120. 133 我也有义务帮童童,让这计划变……
作者:啾啾大王      更新:2023-08-23 13:31      字数:4677
  温童一开始还没反应过来,以为白越是没好意思告诉自己,等到白越走了几步,从偏暗的环境走到窗边,才察觉到白越的情绪变化。

  浅金色的阳光打在白越脸上,轮廓清晰明了,他虽然是冷冷淡淡没什么表情的模样,但眼里的情绪比以前鲜活不少。

  无语、无奈还带着些许窘迫,有点儿像是个正常人。

  当然,前提是忽略他眼瞳深处浓重骇人的偏执情愫。

  “泄漏病人信息是一个技术方面的bug,如果事情顺利解决了,白氏不用承担任何法律责任。”

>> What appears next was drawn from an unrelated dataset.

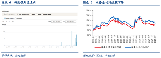 结束缩表的原因是:1)货币市场已明确出现“准备金降至略高于与充足准备金条件相符的水平”的迹象,从9月中旬以来,货币市场利率(GCF回购利率和SOFR利率)持续走高并突破联邦基金利率目标上限,有效联邦基金利率相对于准备金余额利率上升,常备回购便利工具使用量开始上升,隔夜逆回购耗尽。2)准备金相对规模下降至联储测算的区间。目前储备金余额占名义GDP的比例约9%、占银行总资产的比例约12%,这一水平已达到纽约联储曾估算的合意区间,即占名义GDP比例约8-10%,占总资产比例约12-13%。

  白越说完,又稍稍加重字音,强调道:“我不会入狱。”

  “出事的项目是我半年前负责过的,所以有些牵连。”

  温童慢吞吞地哦了声,他不懂白越公司的事情,也不在乎。

  琢磨片刻,转而问道:“所以说,你其实没什么大事吗?”

  话音落地,他看到白越眼里情绪翻涌,方才的无语无奈褪去,涌出炽热的欣喜。

  眼神直勾勾地盯着他,仿佛眼里只有他似的,像是……一条认了主的偏执的大狗。

  温童抿了抿唇,在心里默默地把“像”字划掉。

  白越就是一条认了主的偏执的狗。

  下一秒,他听见白越轻声说道:“童童,你在关心我。”

  陈述句,不是疑问句。

  温童:“……”

  这狗不是在向他确认,是在自说自话。

  他是在关心自己,关心的任务。

  这话当然不能说出去刺激白越。

  看在之后需要白越出一份大力,温童没有反驳,也没有冷嘲热讽。

  他绞尽脑汁地找到了个符合语境的近义词,对白越说:“我是在关怀你。”

  白越凝视着他,又重新说了遍:“你在关怀我。”

  温童:“……”

  你还真不挑。

  对白越而言,关怀和关心没有区别。

  都是褒义词。

  似乎是有谢由衬托,他在少年心里的位置稍稍变高了。

  心底欣喜的情绪冲刷走了这段时间的疲惫,多日的连轴转仿佛都是为了这个奖励。

  白越扯了下唇角,双眸发亮:“童童,我很高兴。”

  温童敷衍地哦了声:“你先别高兴。”

  还没开始说正事呢。

  他正要开口,突然听见身后传来了谈话声。

  温童偏头看过去,一男一女说说笑笑地走了过来,倚着围栏开始拍照。

  看起来短时间内不会离开。

  “你等下,我换个地方。”

  温童对白越说了句,拿着手机开始找没人的地方。

  这片海域是浮潜的深水区,游客们要么下海了,要么在船上各个角落休息、吃东西。

  找地方的同时,还得担心被莉亚看见,温童一路都鬼鬼祟祟,最后直接跑进了厕所,关门上锁。

  等坐到马桶上,才缓缓呼出一口气。

  拿起手机,只见视频里的白越脑袋上多了副耳机。

  还不是普通的无线耳机,是头戴式的耳机。

  温童的忍不住多看了两眼。

  注意到他的目光,白越简单粗暴的解释道:“我刚刚在听你的呼吸声。”

  温童:“???”

  这有什么好听的?

  有病!

  他来没来得及开口吐槽,便听见白越缓缓说:“你还活着,真好。”

  白越的嗓音低哑,语调却不似平常的冷淡漠然,透着些许雀跃。

  仿佛他活着,就是一件非常值得高兴的事。

  温童不知怎么的,想到等会儿让白越做的事,心里多了几分心虚。

  白越高兴他还活着,但他让白越帮自己去死。

  好像有点残忍。

  温童挪开视线,在心里重复了几遍“这是白越应得的”,把心软和道德感压了下去。

  他深吸一口气,开始说正事:“订婚的事,我也被谢由骗了。”

  “他早就知道我想做什么。”

  说到这事,他眼睫颤了颤:“之后发生的所有事,都在他的计划之中。”

  白越:“我猜到了。”

  他现在回想起来,当时酒店那边的安排,过于顺利了。

  从少年告知订婚到开始筹备,只有短短一天半的时间,他没能发现问题。

  “是我的错,”他顿了顿,主动承认错误,“我过于自负,以至于忽略了很多小细节。”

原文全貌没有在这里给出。